This year, however, they said they are finally in a position to maintain steady collections while still handing out raises and meeting a rising demand for essential city services.
“We’ve added a number of positions over the last several years that were needed,” City Manager Mark Israelson said. “The last several years really did have a major impact on why we were able to do that this year.”
The city of Plano is considering a $602 million budget for the coming year that would provide 3% raises to employees and would add the fewest new personnel the city has seen in years. This would be done without increasing overall tax collections from existing properties.
Plano City Council on Aug. 12 committed to publicize a property tax rate of no greater than $0.4482 per $100 valuation. This rate cut, combined with growing appraisal values, is expected to result in roughly equal property tax collections on existing properties.
The proposed budget was met with praise from Plano City Council members who campaigned on freezing tax increases. Others urged caution for what this approach might look like in future years.
In the meantime, Israelson said, city staff is confident this proposal meets growing demands for city services this year without raising overall tax collections on existing properties.
Why the change?
Israelson said the city began looking at options earlier this year as proposals made their way through the Texas Legislature that would cap the amount by which cities could increase property tax revenue year over year.
In the end, the state adopted a new law that would require cities to hold a public vote to approve a property tax revenue increase of more than 3.5%.
But for some Plano City Council members elected in the last two election cycles, that 3.5% increase was too high. Shelby Williams, who joined the council after winning a runoff election in June, campaigned on holding the city to no new property tax revenue—also referred to as the effective tax rate.
Ultimately, a city budget can be adopted only if it gains the support of at least five of the council’s eight members.
“After this election, it was no mystery that the effective tax rate would be requested of the city staff,” Williams said.
In the lead-up to the unveiling of the budget July 24, Israelson said he met individually with each council member. He said he takes council member opinions into account along with those of the city’s various department heads and new state laws.
“Absolutely, it weighs in on how I approach things,” Israelson said of his conversations with council members. “Understanding their goals is something that’s very important, but it’s also balancing those needs of what we need to keep up with our programs and services.”
Anthony Ricciardelli, a third-year council member, is also a proponent of the effective tax rate. He recounted a conversation he had with Israelson the day before the budget was unveiled.
“When [Israelson] was telling me about some of the features of the budget that was going to be presented tonight, the first question I had for him was, ‘Do we have that 3% raise in there for our employees?’” Ricciardelli said at the July 24 budget presentation.
The city was in the thick of the budget process when Israelson succeeded former City Manager Bruce Glasscock and directed the staff to prepare for lower property tax revenues, city Budget Director Karen Rhodes-Whitley said.
Israelson said he was watching the revenue cap proposals in the Texas Legislature earlier this year when he gave that direction.
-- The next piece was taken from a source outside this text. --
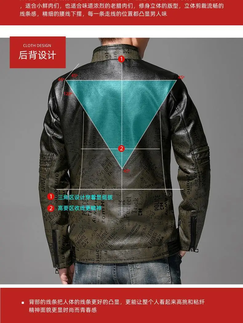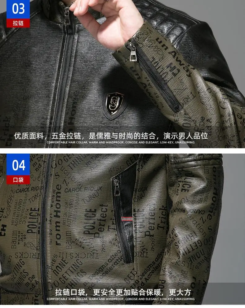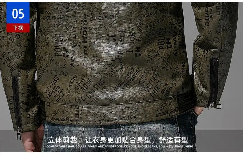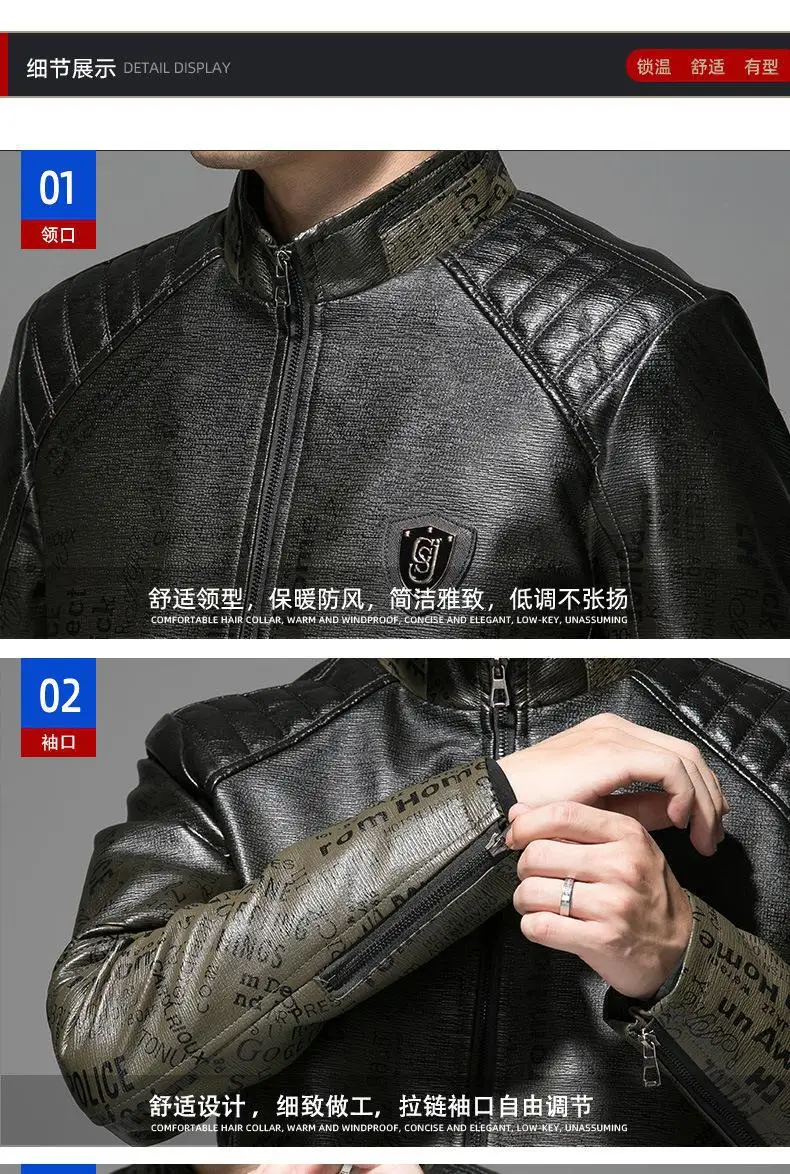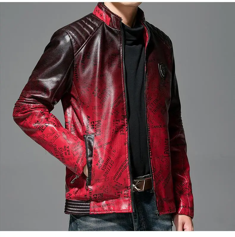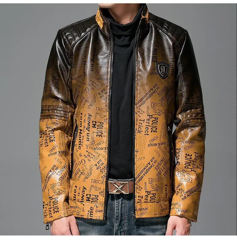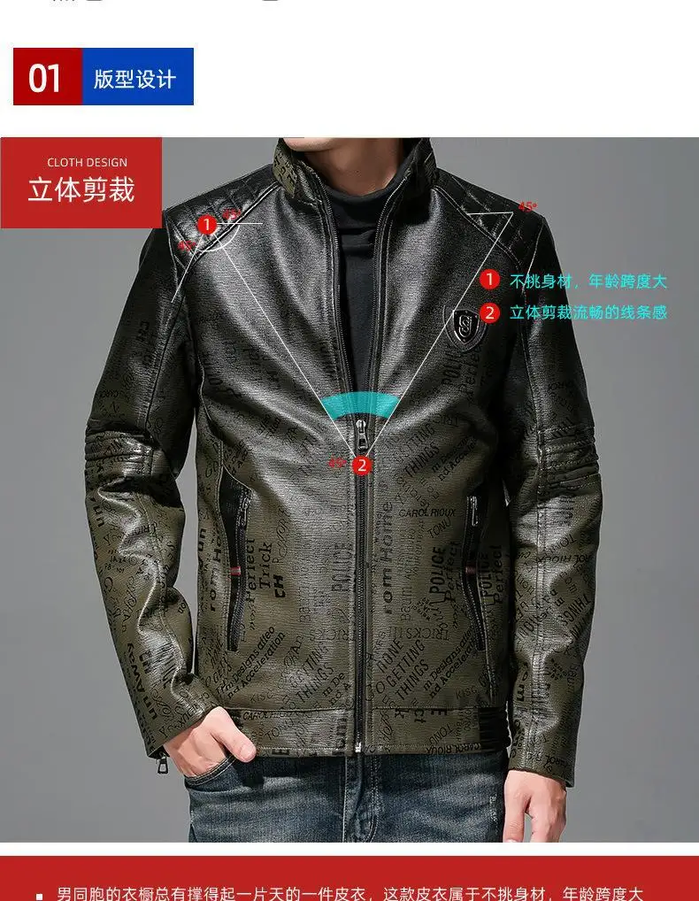 New arrive men Leather Jacket High end Gradient letter printing Stand Collar PU jackets Male Motorcycle Zipper fleece warm coat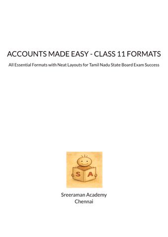 Accounts Made Easy – Class 11 Formats is a concise reference book containing all essential Accountancy formats required for the Tamil Nadu State Board syllabus. Designed for quick revision and easy reference, it helps students present answers clearly and confidently in examinations.

“The change in the way we approached our budget really had its genesis when we saw what was happening with the Legislature this past session,” Israelson said. “That really was the start, because we really didn’t know what was going to come out of the session.”
How they did it
The city managed to balance the competing interests of raises for employees with implementing the effective tax rate. But it took growth in other revenue sources—and a bit of creative budgeting—to make it work.
The city was able to substantially make up the revenue gap by tweaking how it decides the amount of sales tax revenue it expects to collect, Rhodes-Whitley said.
In recent years, the city had used a relatively conservative approach, she said. And when the city collected millions more than it had budgeted, staff would bring the sales tax revenue back to the council later in the fiscal year to be allocated.
Now, the city believes it has a better estimate that will more accurately reflect next year’s sales tax revenue, Rhodes-Whitley said. This would result in about $5 million of additional revenue upfront in the budget. It also means potentially less revenue would come in later in the year.
Some council members expressed caution at the July 24 meeting about adopting the effective tax rate in the future.
Council Member Rick Grady, who supported increasing property tax collections to fund city services in years past, said lowering the tax rate might be manageable this year because the immediate risk of an economic downturn is probably low.
“As the economy is doing well, as home prices are going up, the tax rate goes down,” Grady said. “The inverse is also true. The economy goes poor, home prices go down, tax rate goes up. That’s just the way the math works.”
Council Member Maria Tu, who was elected in May, pointed out this year’s budget would add fewer new personnel than the city has done in years.
“This is not something that’s going to happen every year,” Tu said. “What’s going to happen the next time when we need an increase [in personnel]? How is that going to be assessed into the budget?”
Williams, a supporter of the effective tax rate, praised city staff for coming up with a balanced budget that maintained increases in spending and compensation without raising taxes on existing properties.
“What we [on the council] have essentially done is say, ‘We’d like to build the most fuel-efficient car on the planet—oh, and by the way, let’s make it the fastest car on the roads,’” Williams said. “That’s the easy part. What y’all have done—the city staff … actually delivering on that—is monumentally more challenging.”